=== DATA UNDER STUDY ===
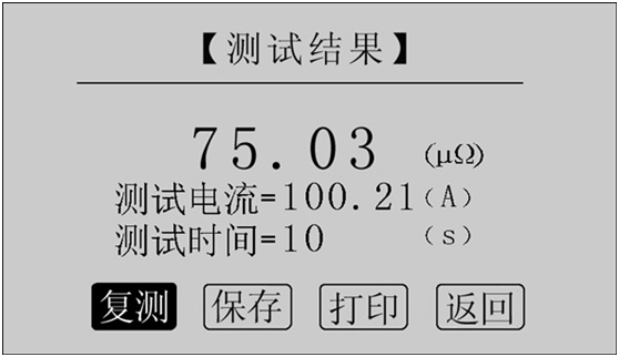 在主界面中選中“開始測試”項,點擊鼠標,儀器進入測試菜單界面,認測試電流為100A,測試時間為10s
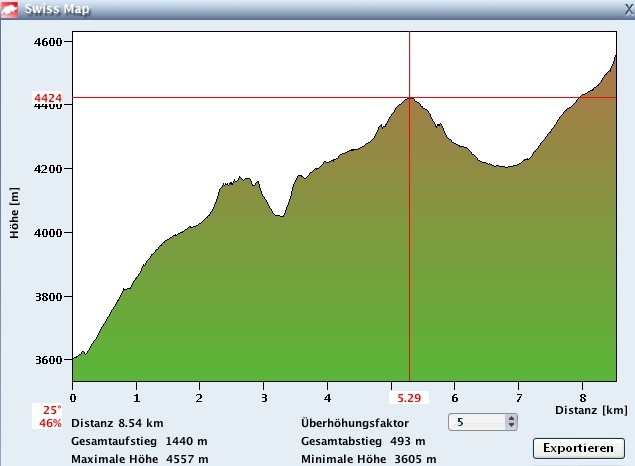 unser Profil, auf der Zumsteinspitze hat das GPS den Geist aufgegeben
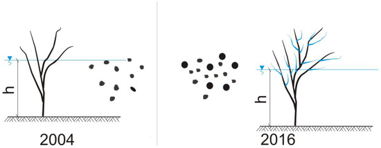 The field measurements of vegetation were carried out for the first time from 30 August to 3 September 2004. Then, they were continued in subsequent years: 11–16 July 2005 and 5 April 2006, including a section of the river from 503 to 508 km. The height of willow bushes in the reservoir and in the flood areas within the embankments ranged from 3.0 m to 5.0 m. The measurements of bush structure were made using the methodology described in research journals [58]. The local inspection carried out in the analysed areas showed various forms of shrubs. In some places, compact clusters of bushes were observed, and in others, single scattered plants were seen; sometimes, there willow plantations cultivated for regulatory works were found.
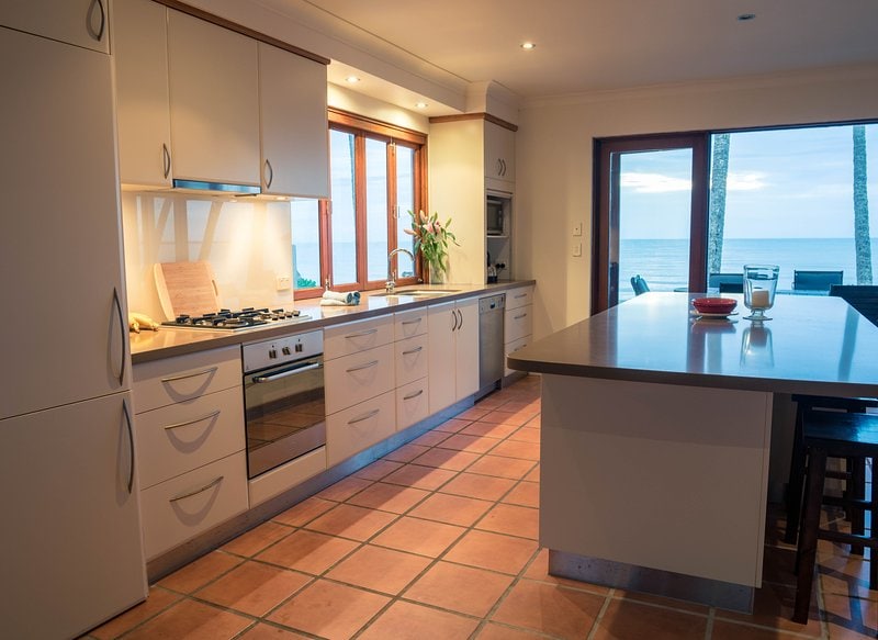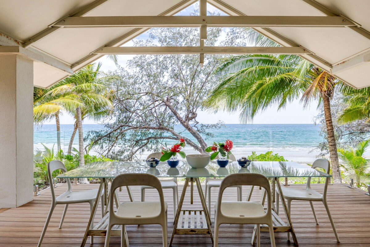 Tropical luxury house set among the ocean and rainforest. • Beachfront home • 3 Bedroom, 2.5 bathroom • 1 king, 1 king split, 1 queen • 15 minute drive to Port Douglas cafes, restaurants and boutiques • Air conditioned • Indoor and outdoor dining area with BBQ • Heated private pool • Full kitchen • Ocean and mountain views • All amenities provided including pool towels • Stocked pantry • Cafe and pod coffee machine • Smart TV • Free tour booking service
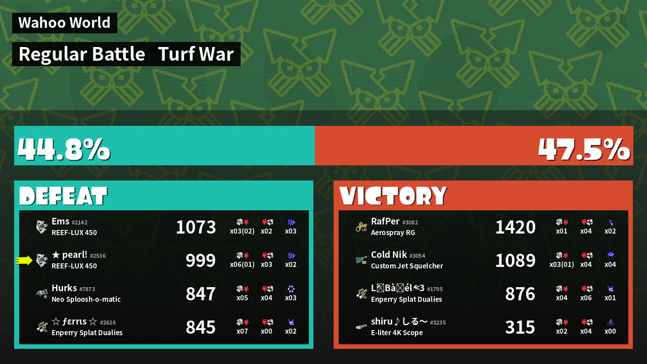 | Mode | Turf War - Regular Battle | ||
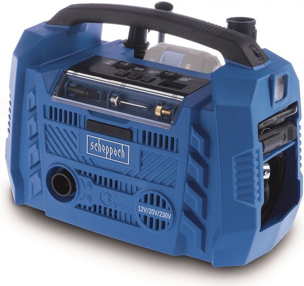 Air Force 6 - hybridní kompresor (20 V aku, 12 V, 230 V)Potřebujete praktický kompresor, který vás nezklame doma, na cestách nebo při outdoorových aktivitách? Mobilní kompresor Scheppach Air Force 6 nabízí maximální flexibilitu díky možnosti tří zdrojů napájení a širokým možnostem použití, ať už…
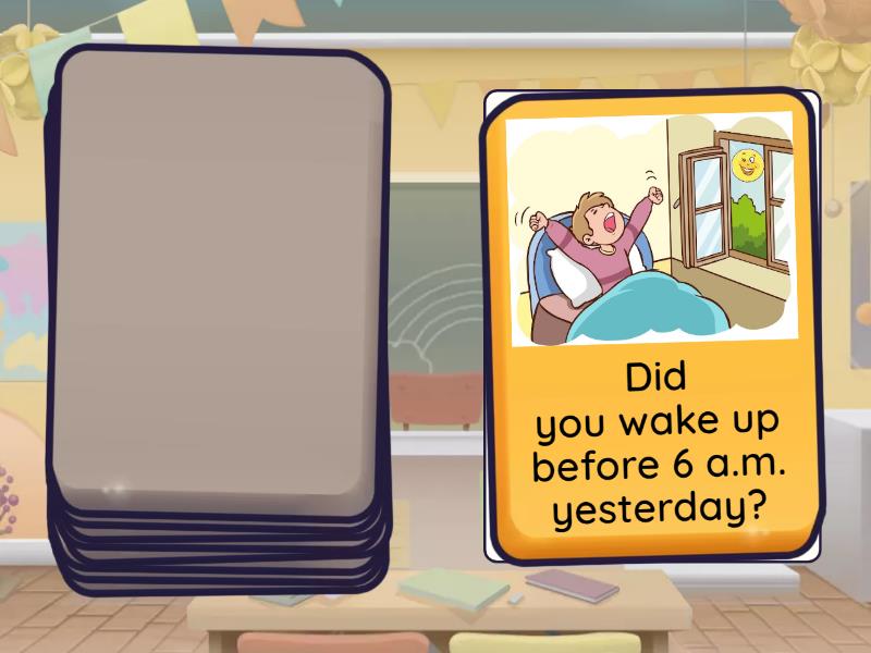 Did it rain last week?, Did you eat eggs for breakfast ? , Did you go to a restaurant yesterday? , Did they go to the beach last summer?, Did we celebrate Christmas last month?, Did the dog like the new toys?, Did you watch a movie yesterday?, Did you study English last weekend?, Did you wake up before 6 a.m. yesterday?.
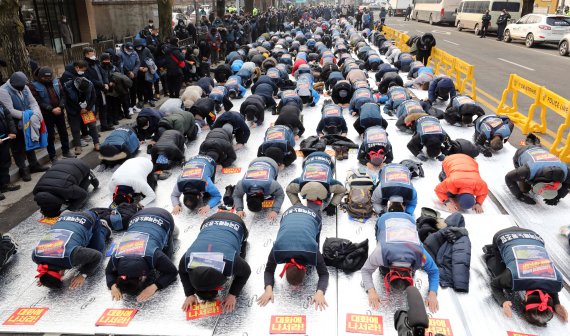 택배노조는 지난 23일부터 대리점 연합화 협상을 벌여왔다. 이들은 지난해 12월 28일부터 60일째 파업을 이어가고 있다. 지난 10일부터는 CJ대한통운 본사를 기습점거하고 농성을 진행 중이다.
===
## [AIM OF THE TASK]
Each line above from the one containing "Battle | ||" through the one containing "Did it rain" is to be returned verbatim. Nothing else, and no pictures.

## [RESULT OF THE EXERCISE]
 | Mode | Turf War - Regular Battle | ||
 Air Force 6 - hybridní kompresor (20 V aku, 12 V, 230 V)Potřebujete praktický kompresor, který vás nezklame doma, na cestách nebo při outdoorových aktivitách? Mobilní kompresor Scheppach Air Force 6 nabízí maximální flexibilitu díky možnosti tří zdrojů napájení a širokým možnostem použití, ať už…
 Did it rain last week?, Did you eat eggs for breakfast ? , Did you go to a restaurant yesterday? , Did they go to the beach last summer?, Did we celebrate Christmas last month?, Did the dog like the new toys?, Did you watch a movie yesterday?, Did you study English last weekend?, Did you wake up before 6 a.m. yesterday?.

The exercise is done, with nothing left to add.